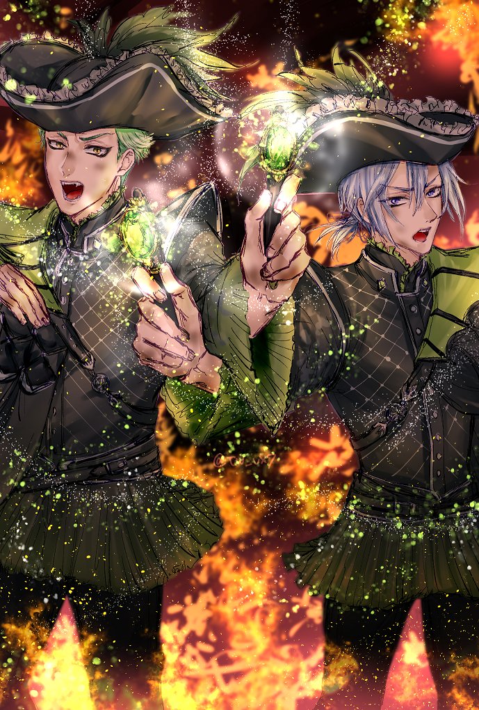あけましておめでとうございますー!🎍✨🐰← 新春⚡&👑様!! 新年早々素敵な推しを拝めた最高イベでしたぁ…! (…やっと描きあげたので次はちょっと百獣の🦁おじたんを描きたいんだぁ…_( _´ω`)_ペショ←) #ツイステファンアート #twstファンアート
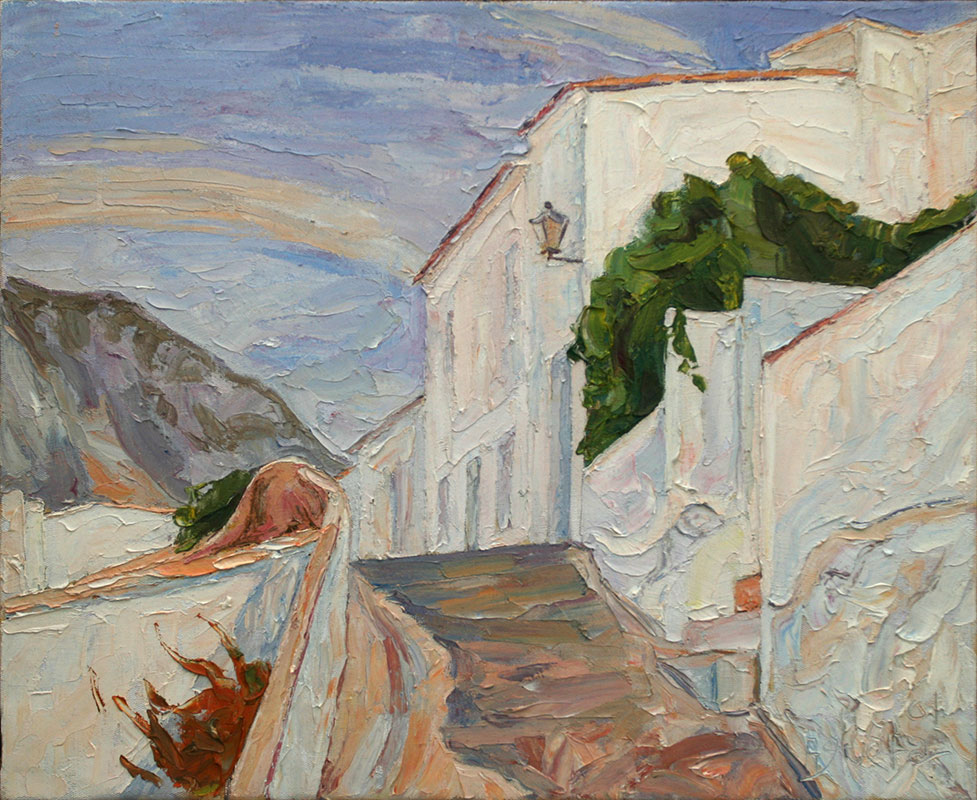 Almacén urbano En Pinturas Cuadro realizado en óleo sobre lienzo. Las dimensiones de la obra son 55 por 38 centímetros. Etiquetasalmacéncalleurbano Reflejos en el río Muro en la calle
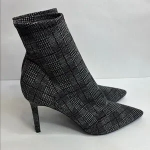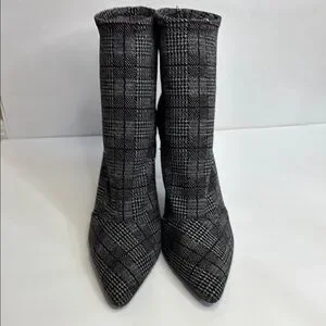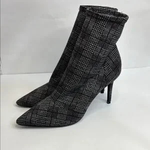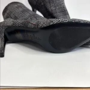 FINAL! NWOT! Charles David Black Red and Gray Tweed Plaid Spike Heeled Boots

- What this task involves: Top to bottom, retype the listing exactly but drop every picture.

- Solution to this exercise:
あけましておめでとうございますー!🎍✨🐰← 新春⚡&👑様!! 新年早々素敵な推しを拝めた最高イベでしたぁ…! (…やっと描きあげたので次はちょっと百獣の🦁おじたんを描きたいんだぁ…_( _´ω`)_ペショ←) #ツイステファンアート #twstファンアート
 Almacén urbano En Pinturas Cuadro realizado en óleo sobre lienzo. Las dimensiones de la obra son 55 por 38 centímetros. Etiquetasalmacéncalleurbano Reflejos en el río Muro en la calle
 FINAL! NWOT! Charles David Black Red and Gray Tweed Plaid Spike Heeled Boots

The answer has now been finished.